As defined in the PYNQ documentation, "overlays, or hardware libraries, are programmable FPGA designs that extend the user application from the Processing System of the Zynq into the Programmable Logic. They can be used to accelerate a software application [...]. An FPGA overlay is a virtual reconfigurable architecture that overlays on top of the physical FPGA configurable fabric".
This tutorial explains how to develop your own overlay with Vivado and PYNQ. This documentation page may help.
List of requirements for this project :
Actions :
- Setup the PYNQ-Z2 board by following this guide. The boot files are located here.
- Install on Vivado the Vivado board files for PYNQ-Z2. In case the link is broken, try this one. You may need to use Win32 Disk Imager, Putty and a micro SD to SD adapter.
In the Jupyter notebook that corresponds to our application, we first call the OpenCV function for thresholding. Then, we implemented a remake to do the same thing but without calling the library.

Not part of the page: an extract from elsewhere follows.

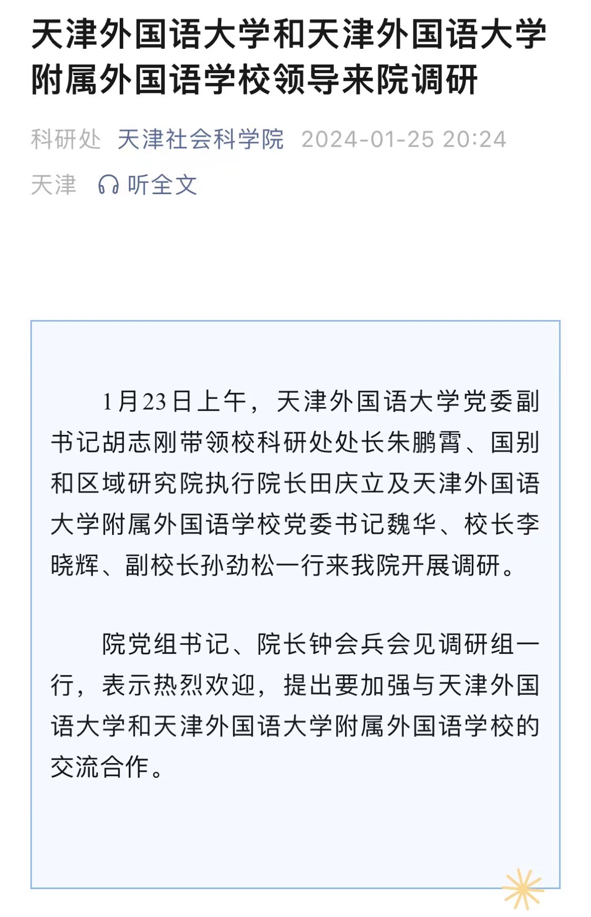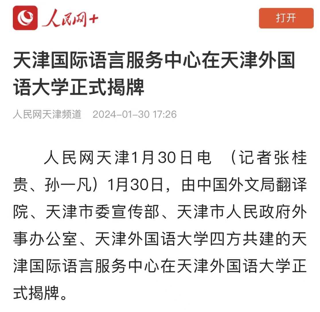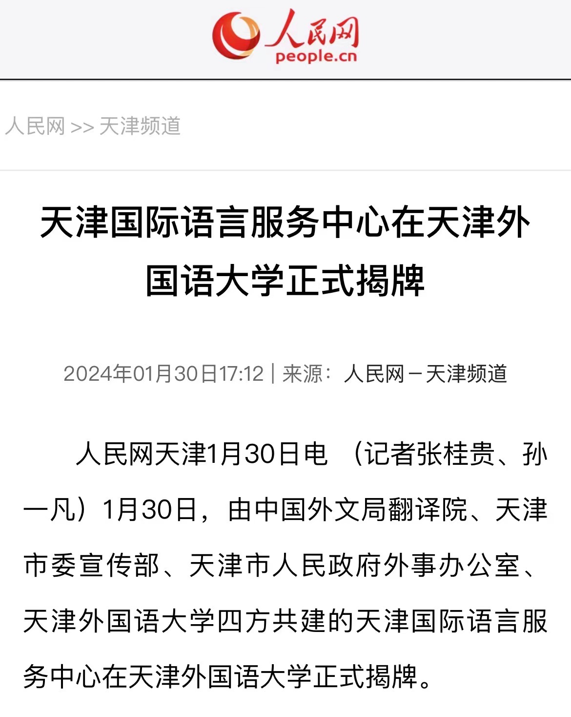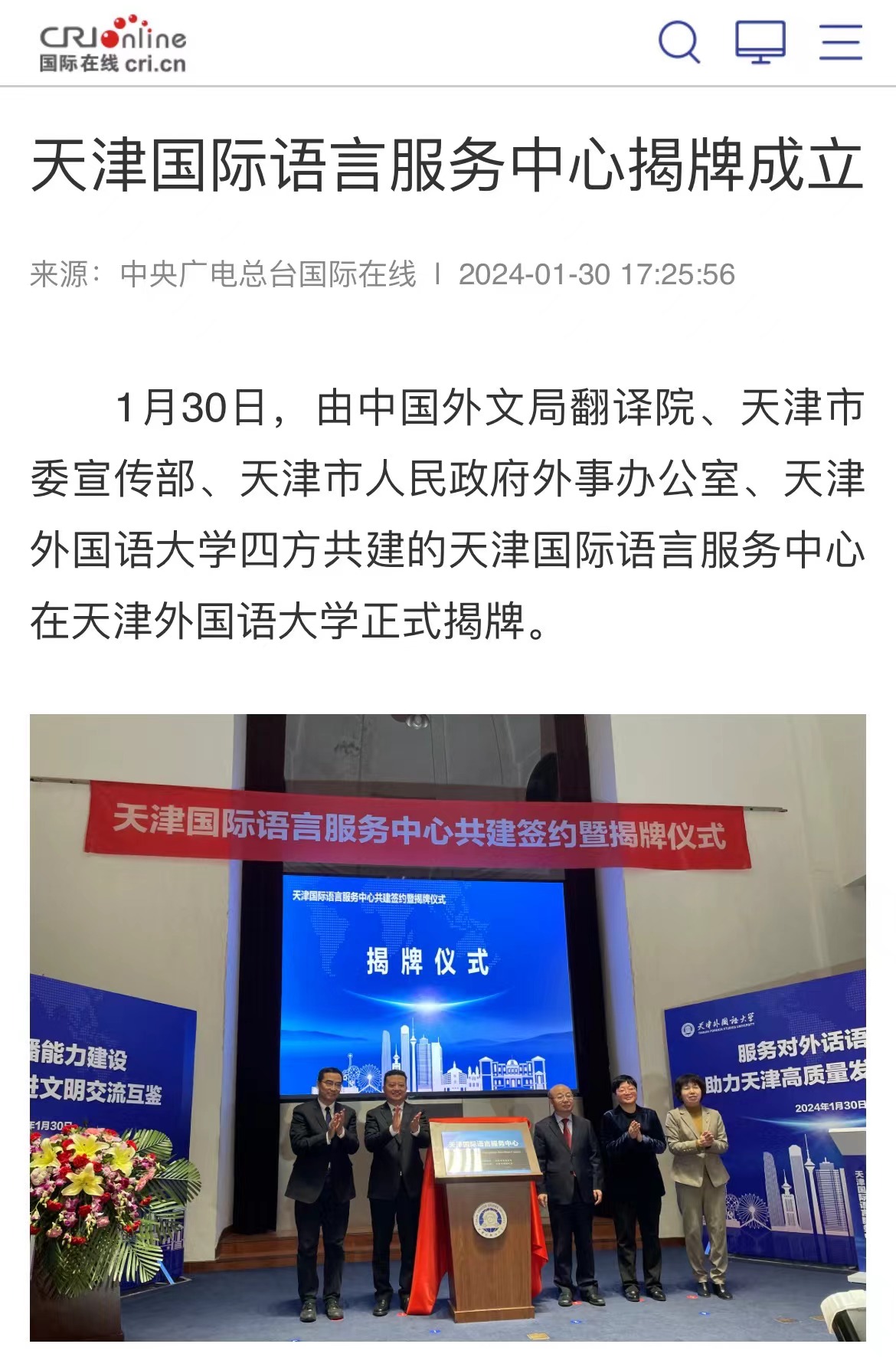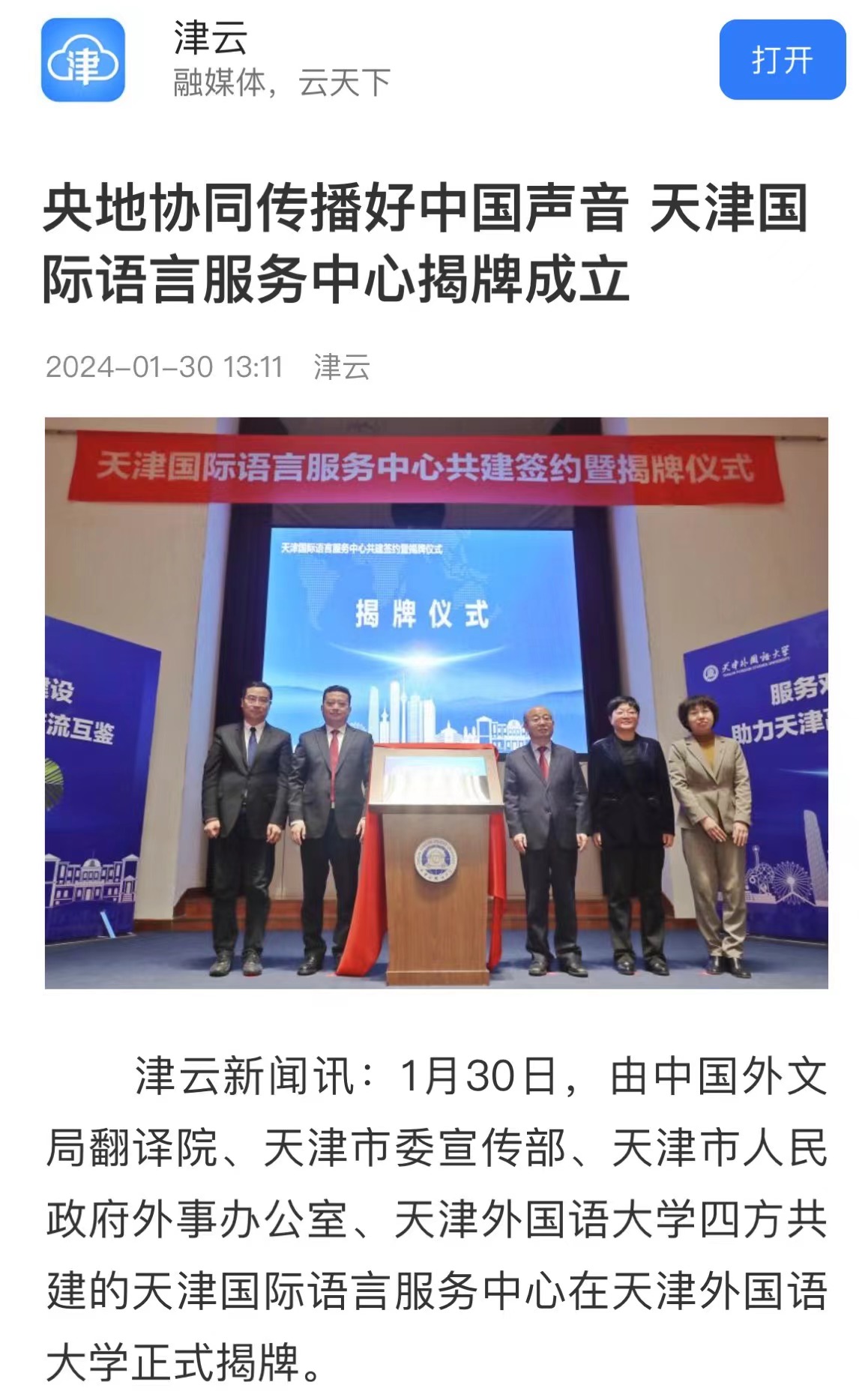1月30日,由中国外文局翻译院、天津市委宣传部、天津市人民政府外事办公室、荣耀体育官方网站_荣耀体育jiangnan(中国)四方共建的天津国际语言服务中心在荣耀体育官方网站_荣耀体育jiangnan(中国)正式揭牌。2023年9月,中国外文出版发行事业局(以下简称“中国外文局”)与天津市委宣传部签署了国际传播战略合作框架协议,就加强新时代中国特色社会主义思想国际传播合作、加强对外出版合作、加强媒体国际传播合作、加强外宣研究和翻译合作、加强文化产业相关合作、合力打造文化外宣品牌、合作培育外宣人才队伍等方面开展合作。此次天津国际语言服务中心揭牌成立,是落实合作协议精神的重要成果,旨在打造集服务政府决策、理论创新、实践育人于一体的新型语言服务机构,搭建加强国际传播能力建设、促进文明交流互鉴、助力天津社会主义现代化大都市建设及高水平对外开放的重要平台。荣耀体育官方网站_荣耀体育jiangnan(中国)党委书记周红蕾表示,荣耀体育官方网站_荣耀体育jiangnan(中国)(以下简称“天津外大”)充分发挥外语特色和语言优势,积极培养高水平外语人才,迄今已招收博士研究生近百人,32人已获得博士学位。同时,天津外大大力开展党和国家重要文献对外翻译,已完成《中国共产党一百年》(第一、二卷)等53部文献外译任务,在海内外引发热烈反响。天津国际语言

Our goal is to configure an overlay that contains a custom IP block that accelerates this function. We call this overlay in the notebook. The Vivado files for the custom IP block can be found here, and the ones for the whole overlay here.
We had to follow these steps to turn the Python code into a kernel code :
- Identify the function to accelerate ('threshold' in our case);
- Convert the code to a Python function that doesn't call any library;
- Convert this raw Python function to C++ (check the program here);
- Adapt the C++ code to the target board (check the program here);
The Zynq-7000 device is referenced by the code xc7z020clg400-1.
The following steps describe how to create and use the overlay :
- Sythesize the custom IP block from the kernel code and export the RTL (Register-Transfer Language) as a Vivado IP;
- Integrate the custom IP block in a PYNQ-Z2 overlay;
- Export the block design (check the files here);
- Call the overlay in the notebook;
- Develop a Python Driver class to easily interact with the overlay.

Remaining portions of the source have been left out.